- _WHAT THIS TASK INVOLVES_
From the entries below, reproduce exactly the lines from the one with "45歳の巨乳のジャマイカ女性" through the one with "Soft gray knit", both included, without images.

- _RECORDS_
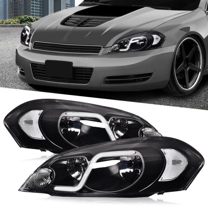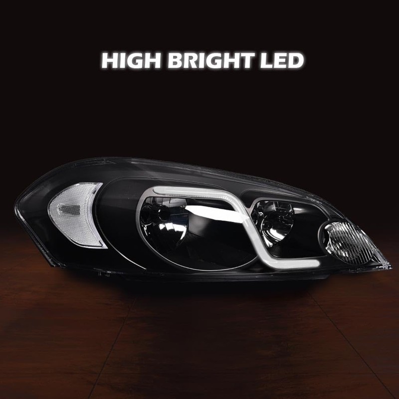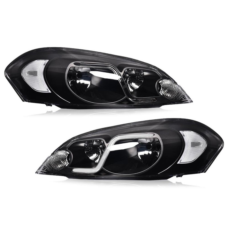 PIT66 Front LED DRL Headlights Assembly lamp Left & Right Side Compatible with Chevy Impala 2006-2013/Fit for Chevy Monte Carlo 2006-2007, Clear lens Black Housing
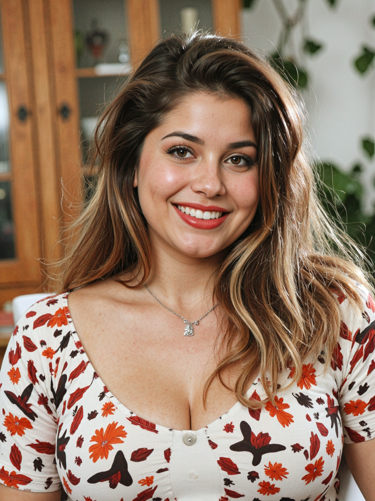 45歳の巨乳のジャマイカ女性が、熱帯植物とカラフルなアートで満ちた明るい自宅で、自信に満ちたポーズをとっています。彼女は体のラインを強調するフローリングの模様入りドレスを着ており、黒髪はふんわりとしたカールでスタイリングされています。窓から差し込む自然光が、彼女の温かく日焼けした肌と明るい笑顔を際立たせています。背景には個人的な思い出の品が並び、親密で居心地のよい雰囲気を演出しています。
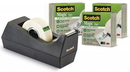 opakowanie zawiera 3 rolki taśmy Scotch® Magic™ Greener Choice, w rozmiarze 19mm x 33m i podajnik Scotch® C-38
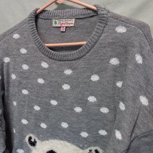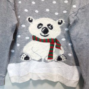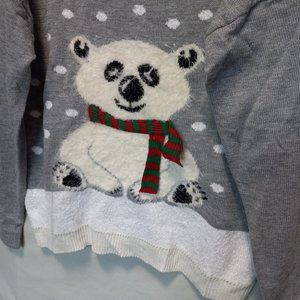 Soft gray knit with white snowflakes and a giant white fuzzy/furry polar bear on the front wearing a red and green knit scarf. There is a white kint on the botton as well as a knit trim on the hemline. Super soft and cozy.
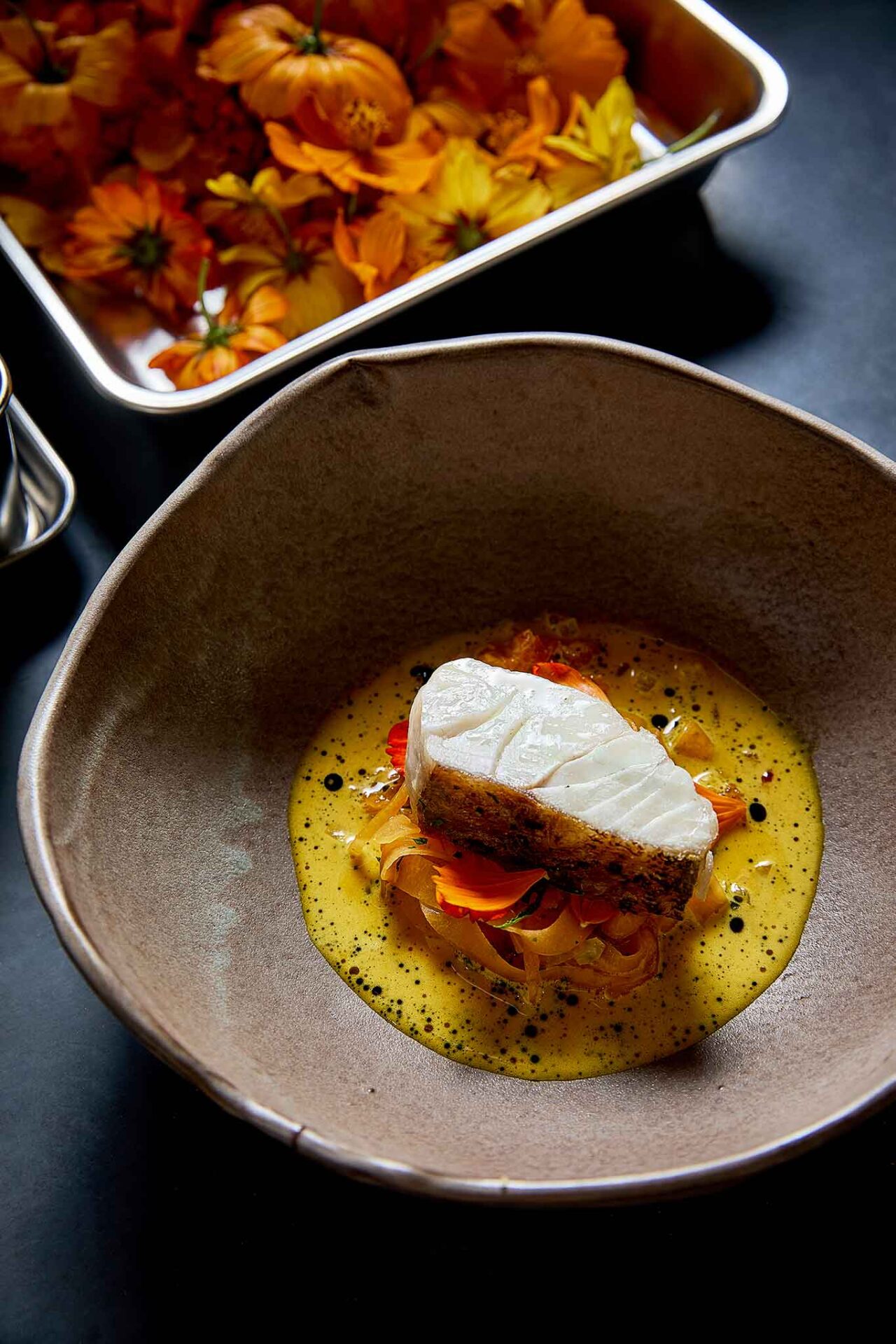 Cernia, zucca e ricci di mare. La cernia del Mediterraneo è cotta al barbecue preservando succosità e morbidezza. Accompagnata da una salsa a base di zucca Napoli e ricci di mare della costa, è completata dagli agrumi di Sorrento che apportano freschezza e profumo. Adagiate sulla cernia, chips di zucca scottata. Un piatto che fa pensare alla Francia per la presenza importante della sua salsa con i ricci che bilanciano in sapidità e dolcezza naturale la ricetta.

- _WRITTEN REPLY_
 45歳の巨乳のジャマイカ女性が、熱帯植物とカラフルなアートで満ちた明るい自宅で、自信に満ちたポーズをとっています。彼女は体のラインを強調するフローリングの模様入りドレスを着ており、黒髪はふんわりとしたカールでスタイリングされています。窓から差し込む自然光が、彼女の温かく日焼けした肌と明るい笑顔を際立たせています。背景には個人的な思い出の品が並び、親密で居心地のよい雰囲気を演出しています。
 opakowanie zawiera 3 rolki taśmy Scotch® Magic™ Greener Choice, w rozmiarze 19mm x 33m i podajnik Scotch® C-38
 Soft gray knit with white snowflakes and a giant white fuzzy/furry polar bear on the front wearing a red and green knit scarf. There is a white kint on the botton as well as a knit trim on the hemline. Super soft and cozy.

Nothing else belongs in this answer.